About one in five healthy people ages 50 and older had an organ that was aging at an accelerated rate, which may increase mortality and signal organ-specific disease, a study of nearly 5,700 people suggested.
In an analysis of blood samples for proteins originating from specific organs, 18.4% of people 50 and older had one organ with accelerated aging and 1.7% had aging in multiple organs, reported Tony Wyss-Coray, PhD, of Stanford University in California, and co-authors.
When the biological age of an organ was much greater than the chronological age of the person, there was a 20% to 50% higher risk of mortality and organ-specific diseases, they noted in Nature.

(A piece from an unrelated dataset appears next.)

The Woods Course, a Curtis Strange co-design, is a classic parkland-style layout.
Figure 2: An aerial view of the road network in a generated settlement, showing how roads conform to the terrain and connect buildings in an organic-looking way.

For instance, people with accelerated heart aging had a 250% increased risk of heart failure, while accelerated brain and vascular aging predicted Alzheimer’s disease progression as accurately as plasma phosphorylated tau 181 (p-tau181), a high-performing Alzheimer’s biomarker. Accelerated aging in kidneys was associated with diabetes, obesity, hypercholesterolaemia, and hypertension, and accelerated aging in muscles was linked with gait impairment.

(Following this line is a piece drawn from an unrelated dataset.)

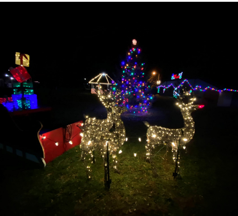
Santa's Sleigh will be at Armstrong Park November 27 through December 12

The mailbox will be situated next to Santa's sleigh with a winter scene, perfect for family photo ops! Labels to record information about each child who writes to Santa will be provided near the mailbox or you can include the child's name, mailing address and gift wish on the letter. Please print each child's information clearly. If using a label, please affix it on the envelope or on the back of the letter.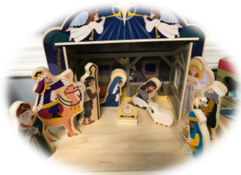
Christmas Eve Mass December 24, 2022 7 p.m.

Notably, heart attack and Alzheimer’s disease, among other diseases, were associated with accelerated aging in “virtually all organs,” while others were only associated with aging of one organ or a subset of organs.
Particularly significant at the population level were aged kidneys. Hypertensive individuals had kidneys that were, on average, a year older than their same-age peers, while people with diabetes had kidneys that were about 1.3 years older. People with atrial fibrillation had hearts 2.8 years older, and those who had a heart attack had hearts that were 2.6 years older.
“If we can reproduce this finding in 50,000 or 100,000 individuals, it will mean that by monitoring the health of individual organs in apparently healthy people, we might be able to find organs that are undergoing accelerated aging in people’s bodies, and we might be able to treat people before they get sick,” Wyss-Coray said in a press release.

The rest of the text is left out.